Wong Wilbur C K, Chung Albert C S
Lo Kwee-Seong Medical Image Analysis Laboratory, Department of Computer Science and Engineering, The Hong Kong University of Science and Technology, Clear Water Bay, Hong Kong.
Med Image Anal. 2007 Dec;11(6):567-87. doi: 10.1016/j.media.2007.05.003. Epub 2007 Jun 2.
We propose a novel framework to segment vessels on their cross-sections. It starts with a probabilistic vessel axis tracing in a gray-scale three-dimensional angiogram, followed by vessel boundary delineation on cross-sections derived from the extracted axis. It promotes a more intuitive delineation of vessel boundaries which are mostly round on the cross-sections. The prior probability density function of the axis tracer's formulation permits seamless integration of user guidance to produce continuous traces through regions that contain furcations, diseased portions, kissing vessels (vessels in close proximity to each other) and thin vessels. The contour that outlines the vessel boundary in a 3-D space is determined as the minimum cost path on a weighted directed acyclic graph derived from each cross-section. The user can place anchor points to force the contour to pass through. The contours obtained are tiled to approximate the vessel boundary surface. Since we use stream surfaces generated w.r.t. the traced axis as cross-sections, non-intersecting adjacent cross-sections are guaranteed. Therefore, the tiling can be achieved by joining vertices of adjacent contours. The vessel boundary surface is then deformed under constrained movements on the cross-sections and is voxelized to produce the final vascular segmentation. Experimental results on synthetic and clinical data have shown that the vessel axes extracted by our tracer are continuous and less jittered as compared with the other two trace-based algorithms. Furthermore, the segmentation algorithm with cross-sections are robust to noise and can delineate vessel boundaries that have level of variability similar to those obtained manually.

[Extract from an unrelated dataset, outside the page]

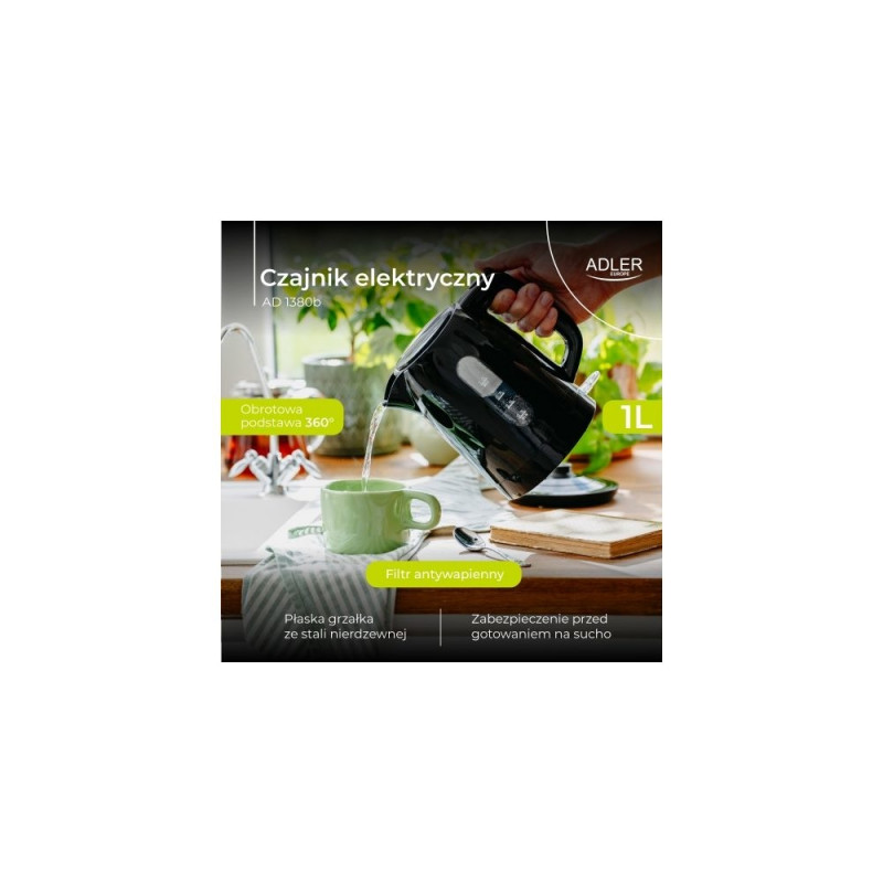 Adler AD 1380w on kompaktne ja funktsionaalne 1-liitrine elektriline veekeetja, mis sobib ideaalselt igapäevaseks kasutamiseks kodus, kontoris, suvilas või ühiselamus. Kerge konstruktsioon ja kaasaegsed turvameetmed muudavad vee keetmise mugavaks ja ohutuks.
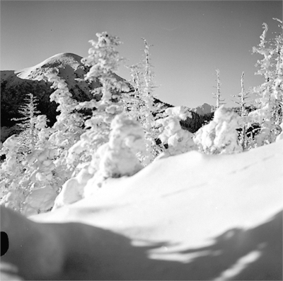 1月16日 天気は良好朝食のインスタントうどんを食べてから黒百合ヒュッテの直ぐ裏にある中山まで登って来る、展望が良い所はあまり無いので直ぐに小屋まで戻ってくる。今度はザックを一つ持って天狗岳を目指す写真を撮りながら2時間ほどかけて天狗岳山頂に到着する。山頂で暖かいお茶を飲もうとしてお湯を沸かそうとバーナーに火を付けたが気温が低い為バーナーの火力がとろとろしか出ない、 両手でバーナーのボンベを暖めたりお湯を少し作ってはお皿に入れてその上にボンベを置いたりしたがお湯が出来ず止める氷点下20度以下となっている天狗岳山頂ではボンベ式のバーナーではお湯が沸かない事が解る。下山路中山峠に向かって下る中山峠まで来ると道が十字路になっていて右下のミドリ池方面に降っている足跡が無い。

我们提出了一种用于在血管横截面进行分割的新型框架。它始于在灰度三维血管造影图中进行概率性血管轴线追踪,随后在从提取的轴线导出的横截面上进行血管边界描绘。它促进了对血管边界更直观的描绘,这些边界在横截面上大多是圆形的。轴线追踪器公式的先验概率密度函数允许无缝集成用户引导,以在包含分叉、病变部分、相邻血管(彼此靠近的血管)和细血管的区域产生连续的轨迹。在三维空间中勾勒血管边界的轮廓被确定为从每个横截面导出的加权有向无环图上的最小成本路径。用户可以放置锚点以迫使轮廓通过。获得的轮廓被平铺以近似血管边界表面。由于我们使用相对于追踪轴线生成的流面作为横截面,因此保证了相邻横截面不相交。因此,平铺可以通过连接相邻轮廓的顶点来实现。然后,血管边界表面在横截面上的约束运动下变形并体素化以产生最终的血管分割。在合成数据和临床数据上的实验结果表明,与其他两种基于追踪的算法相比,我们的追踪器提取的血管轴线是连续的且抖动较小。此外,具有横截面的分割算法对噪声具有鲁棒性,并且可以描绘出具有与手动获得的类似变化程度的血管边界。